Coronavirus
Un confinamiento en ultramar (LXI): Balada de viejos
Pasaba la vida y llegaba la muerte, no exactamente tan callando. Cuando quisimos reaccionar no quedaba una mascarilla disponible»
Los técnicos, agrimensores de la muerte, han empezado a reunir números de los caídos en residencias. La cosecha, fuera del contexto puramente burocrático, es atroz. En países como España, Reino Unido, Italia o Estados Unidos la hecatombe tiene aspecto puramente eugenésico. Miramos la guadaña del virus con displicencia. Creímos que era cosa de chinos. Pasamos cantidad de tomar como ejemplo lo que estaban haciendo en Corea del Sur, que pusieron a las empresas a fabricar tests no bien las autoridades sanitarias recibieron el genoma del bicho. Entre rueda y rueda de prensa pasaba la vida y llegaba la muerte, no exactamente tan callando. Cuando quisimos reaccionar no quedaba una mascarilla disponible, un kit, un guante, un mandilón o un respirador. Los habían comprado las cigarras teutonas, los habían apilado las cícadas coreanas, los habían encargado las chicharras de Singapur, los tococos orientales, mientras las hormigas estadounidenses y españolas aplaudían con triste baile de máscaras las continuas subnormalidades con las que la dirigencia daba por inaugurada la nueva y cacofónica normalidad. Los niños del futuro no darán crédito, pero deben saber que mientras la OMS declaraba una pandemia a nivel mundial, mientras el espionaje de medio mundo avisaba de lo que sucedía, el presidente de EE UU andaba regocijado por los tuits de unos periodistas empeñados en confundir el virus con otra guerra cultural.
tomarán por memos, nos dirán de todo, y harán bien, cuando los escolares de las próximas décadas descubran que en España, con el ejemplo de Italia, andábamos al agonismo pop de los sociales constructos y la pandemia imbécil de los fascismos estructurales y el yeyé moradito y trepanado del machismo que todo lo empapa. Hasta que fue tarde y nuestros gobernantes, acuciados por la realidad, con las Unidades de Cuidados Intensivos devoradas por el fango, dieron luz verde al triaje, que no fue diseñado para sufrir una suerte de atentado terrorista cada 24 horas. Propusieron, sí, cerrar el puente que comunica las residencias geriátricas y los hospitales. Tocaba evitar los contagios masivos y, lastrados de negligencias, encerramos a los viejos en sus casonas, hoteles geriátricos, para que la muerte pasara lista. Si no a la inmunidad de rebaño alcanzaremos la apoteosis del cementerio para levantar, entre nosotros y el virus, una muralla de ancianos, un ventisquero de huesos, un tul de gusanos. Los viejos, pese a que también son ciudadanos y tienen derechos, podían sacrificarse con más sosiego que otros contribuyentes activos. En EE UU cayeron y caen por cientos, por miles, los veteranos de las guerras. Los que fueron a Normandía, a Corea, a Vietnam. Los que evitaron malograrse bajo un panzer o una bayoneta y acabaron triturados por una máquina biológica nacida del vientre de un murciélago.
Como dijo el político favorito de Pedro Sánchez, no hay mal que por bien no venga y así, en España, mi querida y pobre España, la debacle de las residencias fue reciclada como munición frente a los adversarios. Los españoles podíamos con justicia preguntar, como esa juez, por las medidas y prevenciones adoptadas en vísperas del 8-M, pero los perros de presa encontraron una fabulosa oportunidad para camuflar los pecados del amo bajo la humareda de unas residencias que hasta donde sé o recuerdo llevan casi dos meses bajo el mando del gobierno.
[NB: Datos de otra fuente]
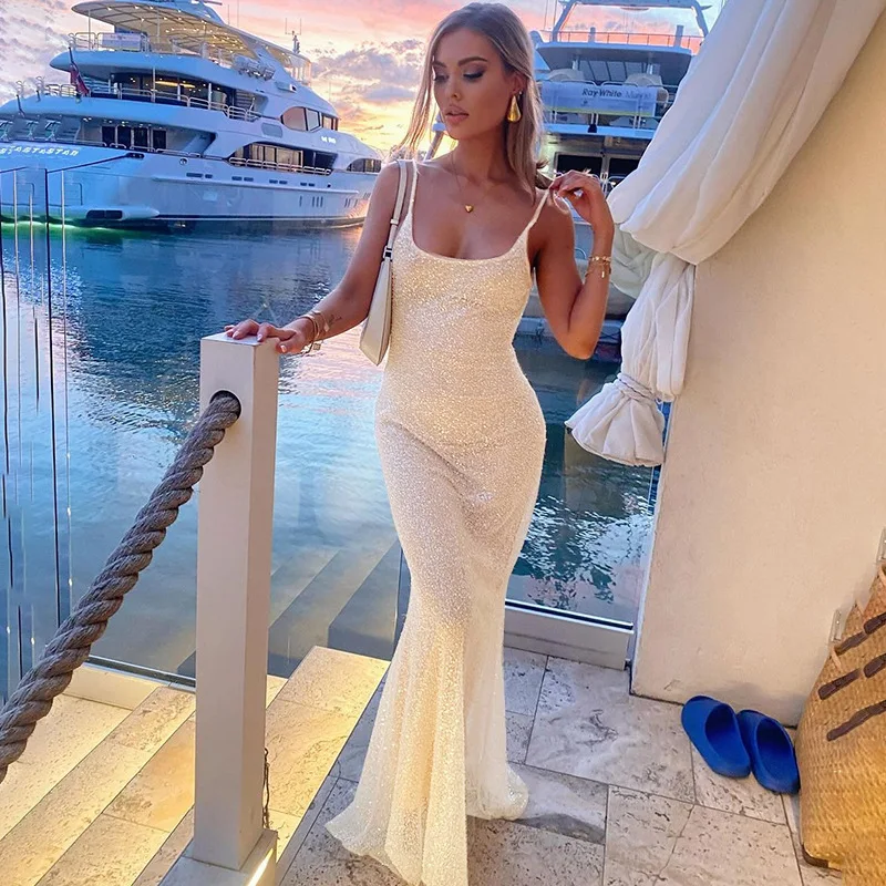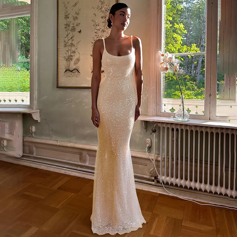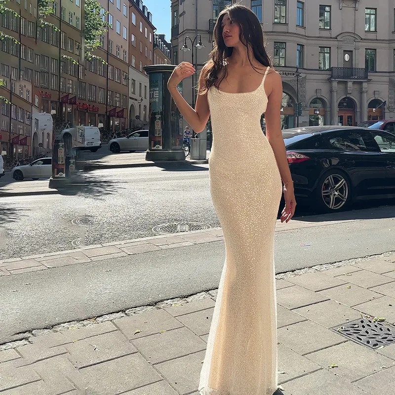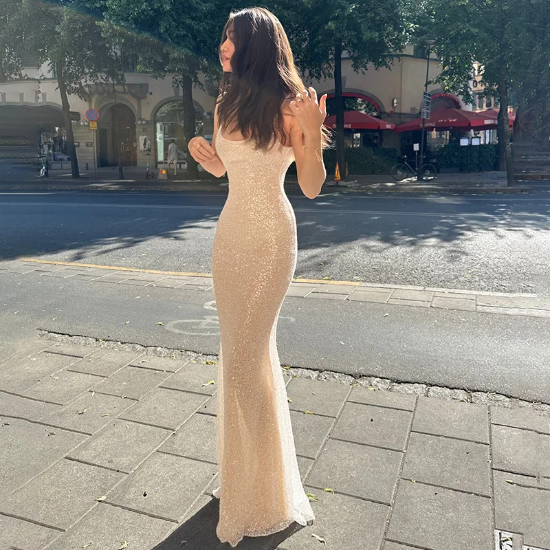 JY Summer 2024 New Sequined Sleeveless Fish Tail Maxi Cami Dress Solid Bodycon Sexy Elegant Evening Dress for Women
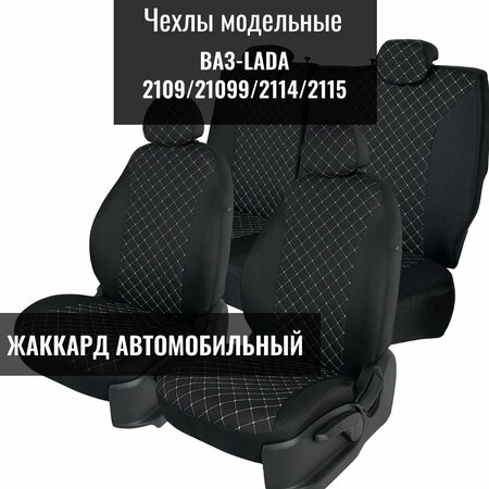 Авточехлы модельные для ВАЗ, лада 2114/ 2115/ 2109/ 21099 Изготовлены из высококачественного автомобильного жаккарда. Чехлы пошиты по форме сидения (эффект перетяжки). Качественные лекала обеспечивают качественную посадку без складок и волн (при соблюдении правил установки) В спинках передних сидений имеются карманы на молнии. Компания TrendAuto уже более 10 лет производит чехлы на автомобили и успела зарекомендовать себя на рынке как, высокое качество по доступной цене. Оригинальный дизайн чехлов выполнен из высококачественных материалов: Жаккард-износостойкий материал обеспечит комфортное использование в холодную и жаркую погоду. -Антивандальный -Простой в уборке -Стойкий к ультрафиолету -Летом не жарко, зимой не холодно -Не мешает работе подогрева сидений -Не трескается -Легкий уход Комплект чехлов состоит из 10 изделий. Спинка передние-2, сиденья передние-2, спинка задняя-1, сиденье заднее-1, подголовники-4. *Так, как не у всех есть задние подголовники-отверстия нужно будет сделать самостоятельно.

Los españoles, sí, podíamos hacer como esos Guardias Civiles a los que encargaron investigar los días previos al caos o, por contra, podíamos aplaudir a los investigados, que apartan a los policías molestos como si la democracia española, agotada antes de tiempo, apenas diera ya para un serial a lo Viktor Orban o un guión de políticos corruptos y cadenas de mando con perfume a The wire y prosa triste de letrina. En esto vinimos a quedar, entre muertos que descontaban por días y preguntas filtradas, en una eucaristía de odios y un liguero descolorido con el que adornar al muñeco de turno, al mayordomo de guardia que responde las preguntas de Azteca TV o El Bisonte S.A. al tiempo que España, cruzada de moscas, entierra a las generaciones que cenaron el pan duro de la posguerra, que vivieron bajo el negro guateque franquista y amanecieron a una democracia que ahora los señoritos, los cocineros de sierpes, envilecido ganado, ganaderos de la inquina, desprecian por tibia o moderada, pactista o podre. Con estos nietos para qué necesitamos buitres.